Type casting is a technique for casting the individual letters known as sorts used in hot metal typesetting by pouring molten metal into brass moulds called matrices.

==Gutenberg==
Woodblock printing had been known in China for centuries. It was innovations in type casting that made for Gutenberg's breakthrough of commercially printing. Although using matrices was a technique known well before his time, Johannes Gutenberg adapted their use to a conveniently adjustable hand mould, enabling one to easily and accurately cast identical multiple instances of any character.
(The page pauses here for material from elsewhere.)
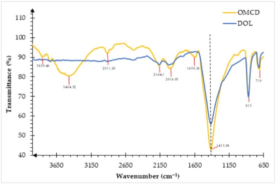 In general, the FTIR spectra of DOL and OMCD reveal that carbonate is the most major constituent in dolomite []. The magnesium carbonate (Mg2CO3) and calcium carbonate (Ca2CO3) (carbonate mineral group) exhibited the strong peak at 1415.88 cm−1, which is associated with lattice CO32− []. The appearance of spectral peaks at 3000 and ~719 cm−1 revealed the other main components of dolomite []. The FTIR absorption at 3000 cm−1 relates to organic residue, while the band at 2870 cm−1 represents the calcite combination band. The peak at 719 cm−1 is attributed to magnesium calcite or calcite []. Ji et al. stated that the FTIR absorptions at 1420, 873, and 719 cm−1 proved the presence of dolomite, which also agrees with our results [].

The ultimate product of manual typecasting were letters, known as sorts for letterpress printing, and the process starts with the installation of a matrix with the impression of a particular glyph into the bottom of the hand mould which is adjusted for the width of the body and locked in preparation for casting. Molten type metal alloy would be carefully poured into a straight-sided vertical cavity at the top of the mould. The type caster would then give the mould a quick shake to aid the flow of type metal into every cavity of the matrix. In practice it was discovered that different glyphs would require different shakes to cast the characters properly. As the casting cooled down and solidified, the mould would be unlocked and the sort removed, ready for later finishing operations and locked again ready for the next character.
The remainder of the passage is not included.